HSBC Holdings Plc (HBC, HSBA.L) reported Monday a higher profit for its first half, with strong growth in all regions along with sharp decline in loan impairment and other credit risk provisions. The bank also said it plans to cut 30,000 jobs by the end of 2013 as part of a broader cost-cutting drive. The shares are currently trading higher on LSE.
Profit attributable to shareholders of the parent climbed 35 percent to $9.22 billion from $6.76 billion a year ago. Earnings per ordinary share grew to $0.50 from $0.38 last year.
First-half pre-tax profit of $11.47 billion was 3.3 percent higher than prior year's $11.10 billion.
Net assets per share increased 17 percent to $8.59 from $7.35 in the previous year.
Profit growth in commercial banking and Retail Banking and Wealth Management divisions were partly offset by lower result in Global Banking and Markets.
Revenues, i.e., net operating income before loan impairment charges and other credit risk provisions, edged up 0.4 percent to $35.69 billion from $35.55 billion a year ago. For the period, loan impairment and other credit risk provisions fell 30 percent year-over-year to $5.3 billion.

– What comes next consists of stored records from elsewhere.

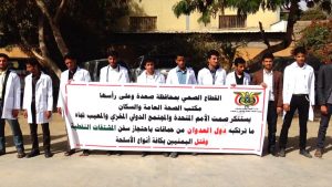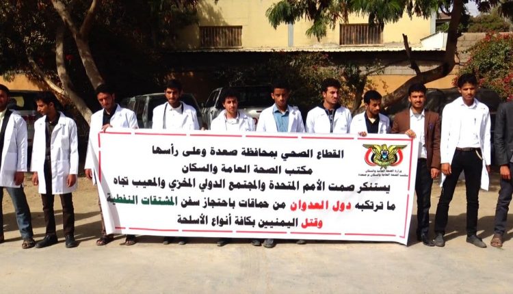نظم القطاع الصحي بمحافظة صعدة اليوم وقفة تنديداً باستمرار دول تحالف العدوان في احتجاز سفن المشتقات النفطية ومنع دخولها إلى ميناء الحديدة .
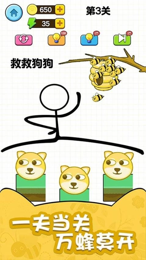 在这款趣味满满的物理益智游戏里,你将成为聪慧的救援队长,借助绘制各类保护线条来守护萌萌的狗狗们。面对蜂群侵袭的危险,得巧妙规划防御路径,利用地形特征搭建安全地带。游戏结合了物理引擎与即时策略要素,每一关都会碰到全新的敌人排布和地形考验。随着关卡深入,还能解锁特殊道具和创意玩法,让救援行动更具策略深度。简单好上手的操作配上魔性十足的画风,带来轻松又满是成就感的游戏感受。快来发挥你的创意,帮助狗狗们脱离危险吧。
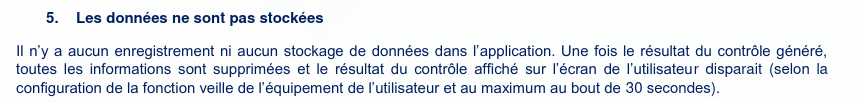 ➡ « la personne doit être informée préalablement à leur mise en œuvre » ; je suis curieux de savoir combien d'utilisateurs de l'application ou de personnes à qui on scanne le pass sont au courant de cette collecte mentionnée en petites lignes dans un document externe.
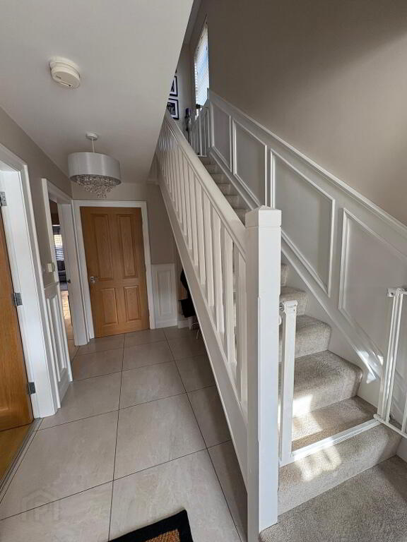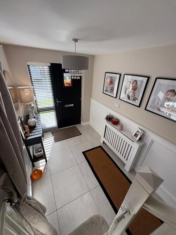 Inviting access with ceramic tile to floor, modern wooden panelling to walls and stairwell, radiator with decorative cover, mains operated smoke alarm, broadband box (BT PROVIDER) plus one double power points.

The company recorded double-digit revenue growth in Hong Kong, Rest of Asia-Pacific and Latin America, while revenue declined in the U.S. as expected, as the company continued to manage down balances in the run-off portfolios.

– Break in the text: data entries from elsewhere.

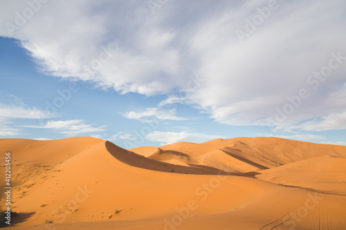 Shadow and light over the desert sand dune landscape of Erg Chebbi near the village of Merzouga in southeastern Morocco.
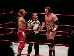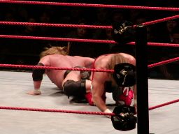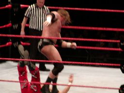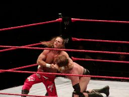 HHH立ち上がってロープに振ろうとするがショーン離さず。
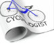 Vélo bleu avec texte CYCOLGIST noir sur arrière - plan blanc. La couleur Arrière - plan peut être modifiée.
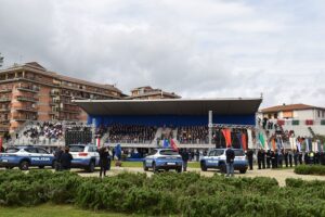 Alle ore 10.30, nel parco cittadino, il Questore e il Prefetto, dopo aver ricevuto gli onori hanno passato in rassegna il reparto schierato.
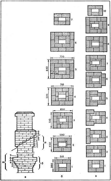 Ее кладут на стояке с тщательной перевязкой швов. Эта кладка рассматривается девятью рядами. Каждый ряд выступает вперед на 1/4 кирпича. В середине, то есть внутри выдры около дымового канала, вставляют кирпичные пластинки такой толщины, чтобы они не уменьшали и не увеличивали размеры канала.
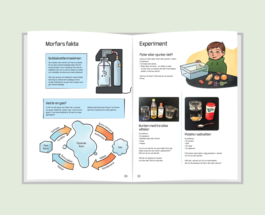 Börja lektionen med gemensam läsning och avsluta med ett enkelt experiment! Harryböckerna är inspirerande bilderböcker med naturvetenskapligt innehåll. Det händer alltid något spännande när Harry träffar sin lekfulla morfar som älskar att experimentera. Böckerna väcker nyfikenhet och uppmuntrar till vidare samtal och gemensamt utforskande. Berättelserna om Harry ger en lekfull ingång till lärande och experimenterande i naturvetenskap. I slutet av böckerna finns fakta och tips på experiment att göra tillsammans.
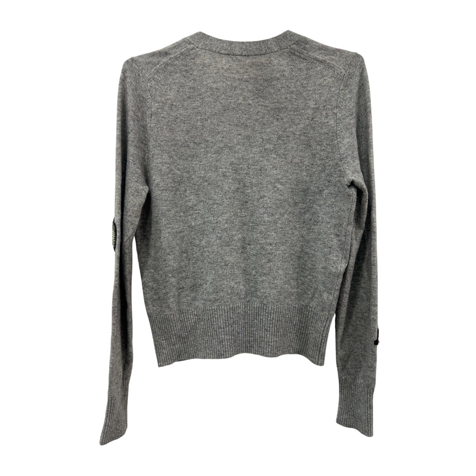 Cinq à Sept Wool V-Neck Graphic Embroidered Sweater Cardigan Gray Women's Size S
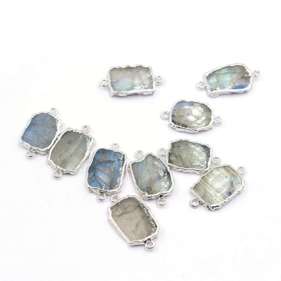 Stone Name:Labradorite Rectangle Shape Silver Plated Connector
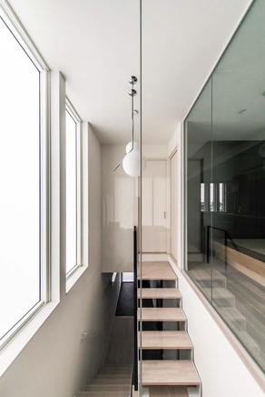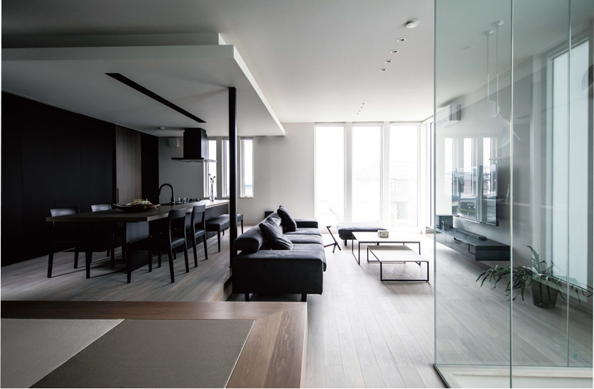 2階のLDK(上部寫真)は、床から天井までいっぱいに広がるFIX窓を配して柔らかな光が差し込む広々とした空間に。階段(上部寫真)の吹き抜け部分をガラス張りにしたことも、空間に抜けを生むひと工夫です。開放感がありながら空間は閉じているため、冷暖房が流れず快適な室溫を保つことができます。2つの球が浮かんだようなペンダント照明も、リビング空間のアクセントの一部。LDK橫にはタタミスペースも設け、洋風な住まいの中に和の要素を上手く盛り込みました。
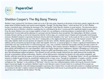 Sheldon Cooper's The Big Bang Theory. (2024, Apr 14). Retrieved from https://hub.papersowl.com/examples/sheldon-coopers-the-big-bang-theory/

Half-yearly net interest income totaled $20.235 billion, 2.4 percent higher than $19.76 billion last year.
The core tier 1 ratio remained strong at 10.8 percent, higher than 9.9 percent as of June 30, 2010.
Further, the Directors declared a second interim dividend of $0.09 per ordinary share. Total dividends for the year would be $0.18 per share, up 12.5 percent from last year.

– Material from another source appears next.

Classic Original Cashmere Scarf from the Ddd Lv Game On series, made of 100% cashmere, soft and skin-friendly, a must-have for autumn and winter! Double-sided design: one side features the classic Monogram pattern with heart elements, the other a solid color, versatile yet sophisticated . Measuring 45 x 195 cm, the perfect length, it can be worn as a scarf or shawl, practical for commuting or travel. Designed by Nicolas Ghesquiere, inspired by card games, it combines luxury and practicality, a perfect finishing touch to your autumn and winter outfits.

Looking ahead, the company said it remains positive on the outlook for emerging markets, while growth in the US and Europe is likely to remain sluggish as long as the impact of high debt levels and government budget cuts weigh on economic activity.
In addition, HSBC said it would cut a further 25,000 jobs between now and 2013 as part of a broader cost-cutting drive. The firm targets $2.5 billion - $3.5 billion of sustainable cost savings by 2013. Since the start of 2011, the company has begun operational restructurings in Latin America, the US, the UK, France and the Middle East which would reduce headcount by around 5,000.
HBC is currently trading at $51.33 in pre-market activity, up $2.46 or 5.03 percent.
HSBA.L is currently trading at 623.10 pence, up 28.60 pence or 4.81 percent.